**Available records**:
○ ○ ○

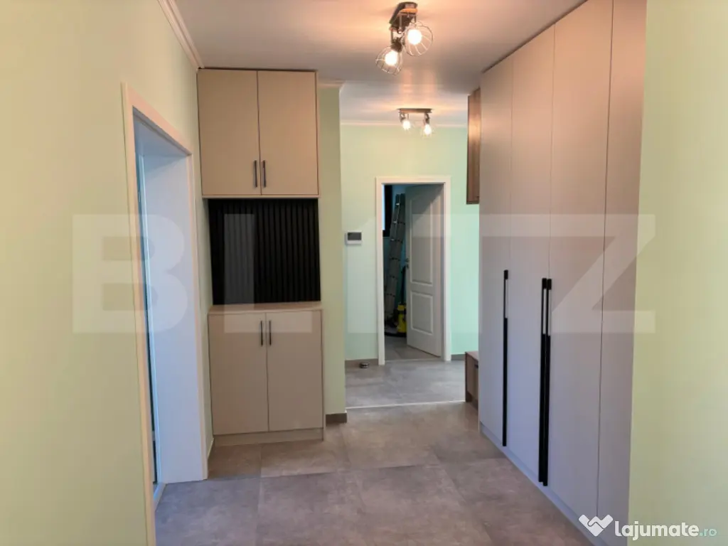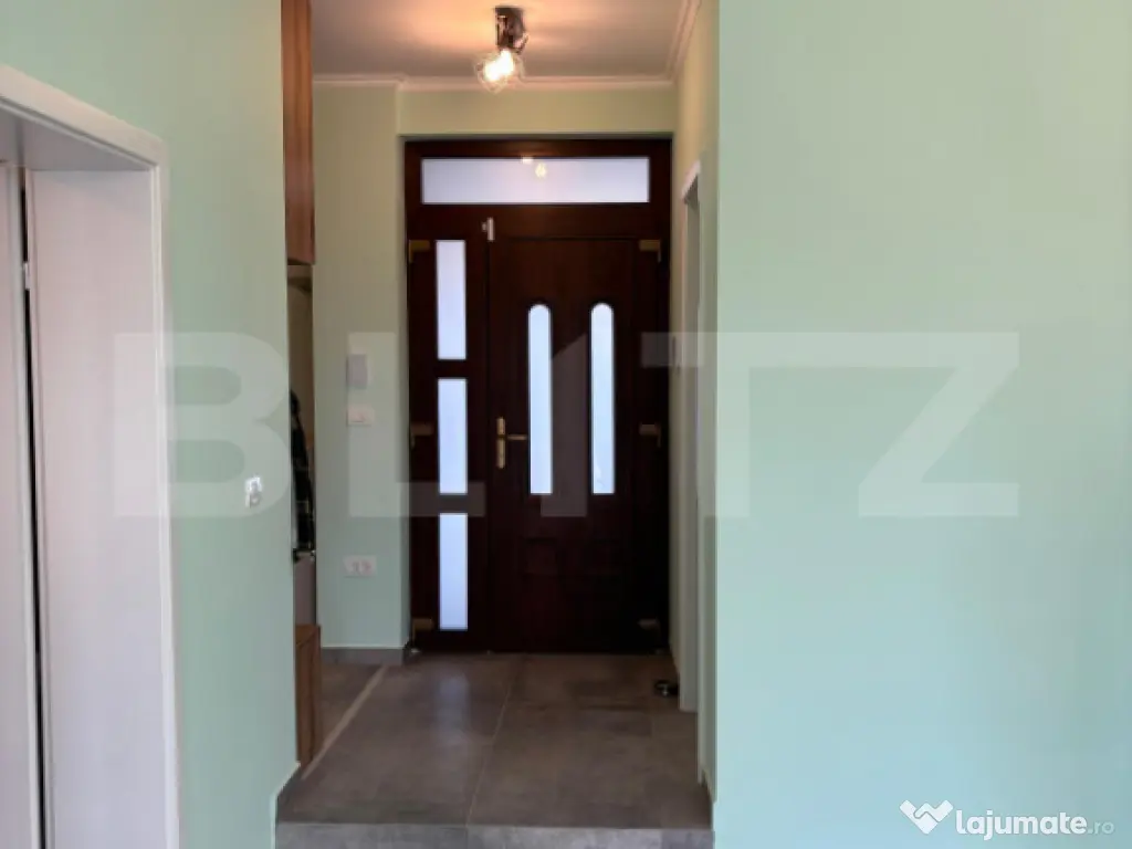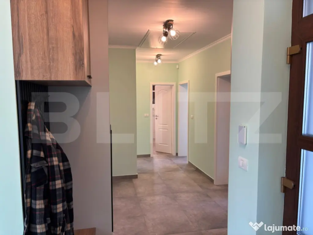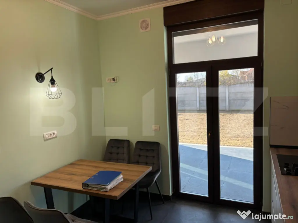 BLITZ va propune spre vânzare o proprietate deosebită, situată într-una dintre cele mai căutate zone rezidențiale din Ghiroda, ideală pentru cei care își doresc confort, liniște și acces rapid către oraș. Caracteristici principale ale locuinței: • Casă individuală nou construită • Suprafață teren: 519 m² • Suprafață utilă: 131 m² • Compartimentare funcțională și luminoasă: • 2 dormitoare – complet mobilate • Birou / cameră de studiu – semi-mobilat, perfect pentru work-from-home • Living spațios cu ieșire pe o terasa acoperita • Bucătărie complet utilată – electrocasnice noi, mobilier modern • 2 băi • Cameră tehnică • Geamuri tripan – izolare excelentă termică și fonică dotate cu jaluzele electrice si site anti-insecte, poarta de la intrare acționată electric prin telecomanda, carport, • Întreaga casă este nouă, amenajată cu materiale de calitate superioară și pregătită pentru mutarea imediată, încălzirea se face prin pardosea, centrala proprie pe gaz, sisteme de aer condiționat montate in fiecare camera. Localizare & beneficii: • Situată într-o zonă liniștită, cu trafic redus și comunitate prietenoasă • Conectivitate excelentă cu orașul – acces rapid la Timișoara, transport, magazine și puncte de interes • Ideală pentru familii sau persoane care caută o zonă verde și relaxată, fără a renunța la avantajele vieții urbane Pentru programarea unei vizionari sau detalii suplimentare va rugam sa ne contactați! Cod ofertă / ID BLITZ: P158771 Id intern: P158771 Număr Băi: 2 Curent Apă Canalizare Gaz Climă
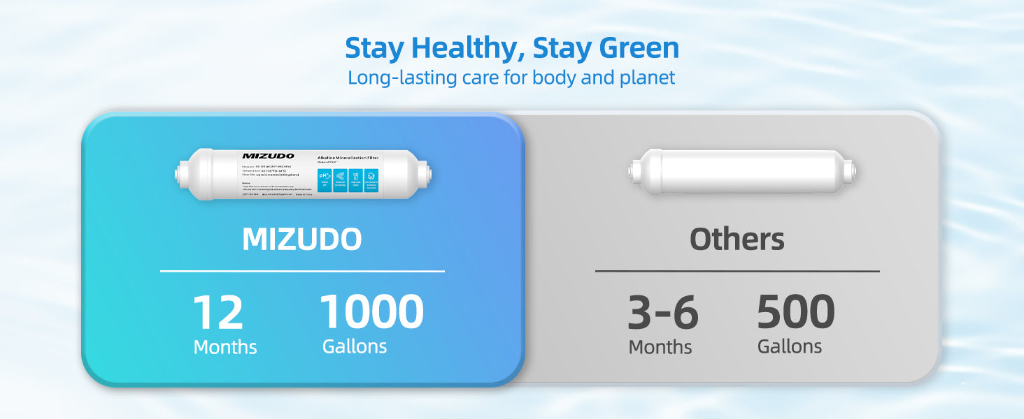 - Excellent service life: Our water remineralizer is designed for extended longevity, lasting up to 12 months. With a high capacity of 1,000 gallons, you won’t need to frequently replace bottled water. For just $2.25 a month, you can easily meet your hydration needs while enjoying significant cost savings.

○ ○ ○

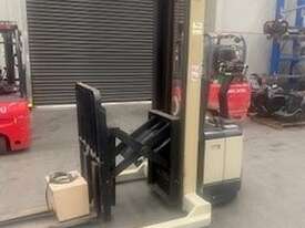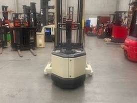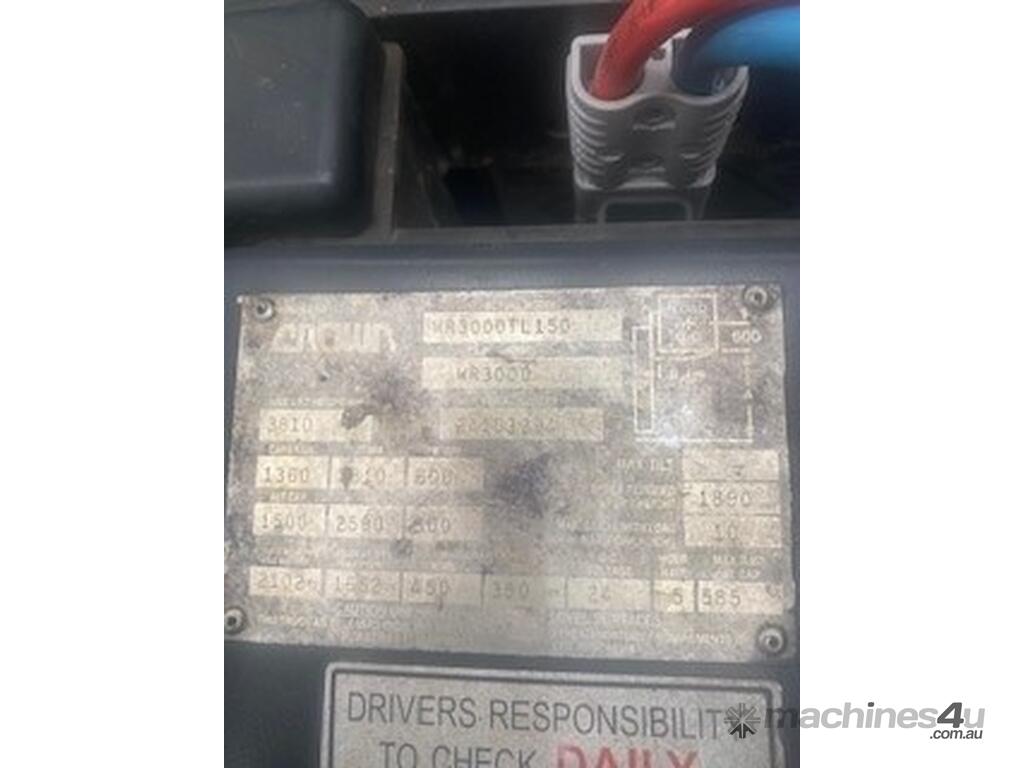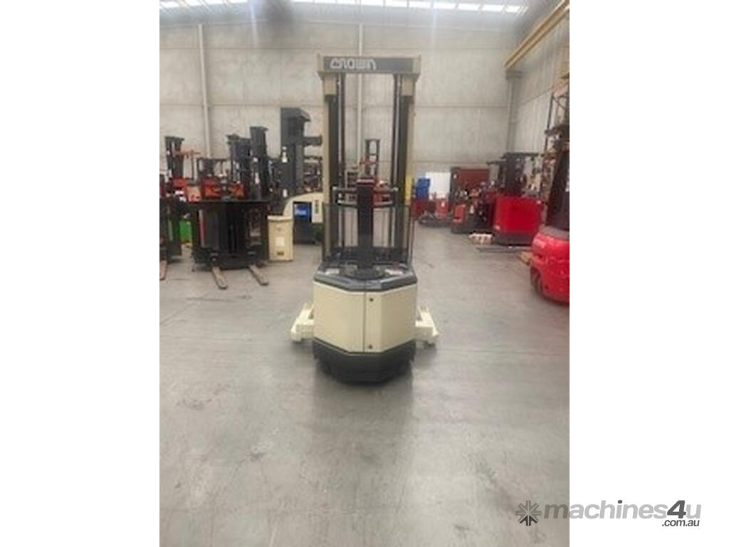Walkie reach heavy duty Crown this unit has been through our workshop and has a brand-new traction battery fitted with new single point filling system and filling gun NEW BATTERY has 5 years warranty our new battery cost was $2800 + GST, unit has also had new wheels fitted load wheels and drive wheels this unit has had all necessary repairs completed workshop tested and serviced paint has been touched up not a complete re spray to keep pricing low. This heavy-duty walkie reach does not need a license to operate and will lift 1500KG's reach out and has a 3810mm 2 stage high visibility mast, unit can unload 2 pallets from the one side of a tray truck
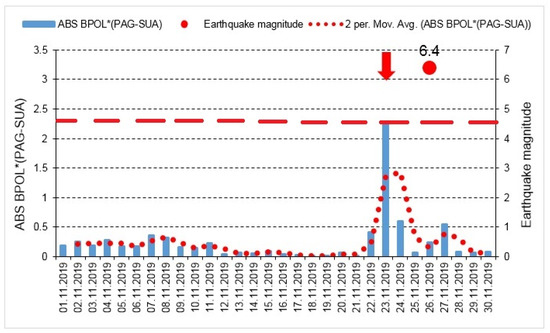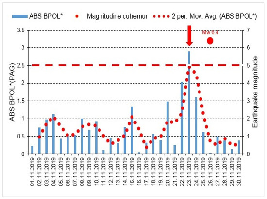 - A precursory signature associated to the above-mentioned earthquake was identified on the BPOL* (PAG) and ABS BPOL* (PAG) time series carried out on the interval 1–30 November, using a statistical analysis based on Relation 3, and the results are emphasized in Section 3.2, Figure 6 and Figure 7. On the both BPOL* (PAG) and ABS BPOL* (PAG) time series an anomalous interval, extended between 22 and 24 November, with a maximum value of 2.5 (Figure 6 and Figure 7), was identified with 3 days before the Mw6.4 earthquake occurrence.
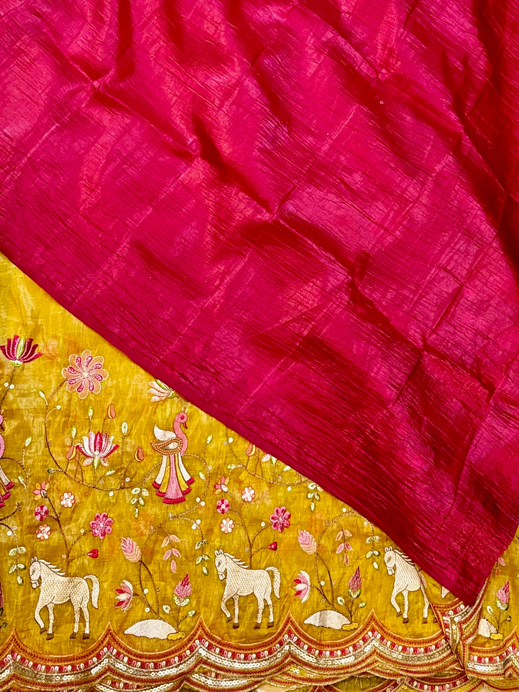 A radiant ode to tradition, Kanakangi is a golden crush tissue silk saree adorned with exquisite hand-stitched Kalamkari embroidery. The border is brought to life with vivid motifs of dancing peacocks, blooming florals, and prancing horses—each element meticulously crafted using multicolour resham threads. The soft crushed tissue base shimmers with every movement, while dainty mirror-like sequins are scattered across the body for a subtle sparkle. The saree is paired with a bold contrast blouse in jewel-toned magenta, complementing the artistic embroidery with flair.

○ ○ ○

Going by the data above, give back only the lines from the one containing "BLITZ va propune" through the one containing "- Excellent service", exactly as they stand, both ends included and no images.

 BLITZ va propune spre vânzare o proprietate deosebită, situată într-una dintre cele mai căutate zone rezidențiale din Ghiroda, ideală pentru cei care își doresc confort, liniște și acces rapid către oraș. Caracteristici principale ale locuinței: • Casă individuală nou construită • Suprafață teren: 519 m² • Suprafață utilă: 131 m² • Compartimentare funcțională și luminoasă: • 2 dormitoare – complet mobilate • Birou / cameră de studiu – semi-mobilat, perfect pentru work-from-home • Living spațios cu ieșire pe o terasa acoperita • Bucătărie complet utilată – electrocasnice noi, mobilier modern • 2 băi • Cameră tehnică • Geamuri tripan – izolare excelentă termică și fonică dotate cu jaluzele electrice si site anti-insecte, poarta de la intrare acționată electric prin telecomanda, carport, • Întreaga casă este nouă, amenajată cu materiale de calitate superioară și pregătită pentru mutarea imediată, încălzirea se face prin pardosea, centrala proprie pe gaz, sisteme de aer condiționat montate in fiecare camera. Localizare & beneficii: • Situată într-o zonă liniștită, cu trafic redus și comunitate prietenoasă • Conectivitate excelentă cu orașul – acces rapid la Timișoara, transport, magazine și puncte de interes • Ideală pentru familii sau persoane care caută o zonă verde și relaxată, fără a renunța la avantajele vieții urbane Pentru programarea unei vizionari sau detalii suplimentare va rugam sa ne contactați! Cod ofertă / ID BLITZ: P158771 Id intern: P158771 Număr Băi: 2 Curent Apă Canalizare Gaz Climă
 - Excellent service life: Our water remineralizer is designed for extended longevity, lasting up to 12 months. With a high capacity of 1,000 gallons, you won’t need to frequently replace bottled water. For just $2.25 a month, you can easily meet your hydration needs while enjoying significant cost savings.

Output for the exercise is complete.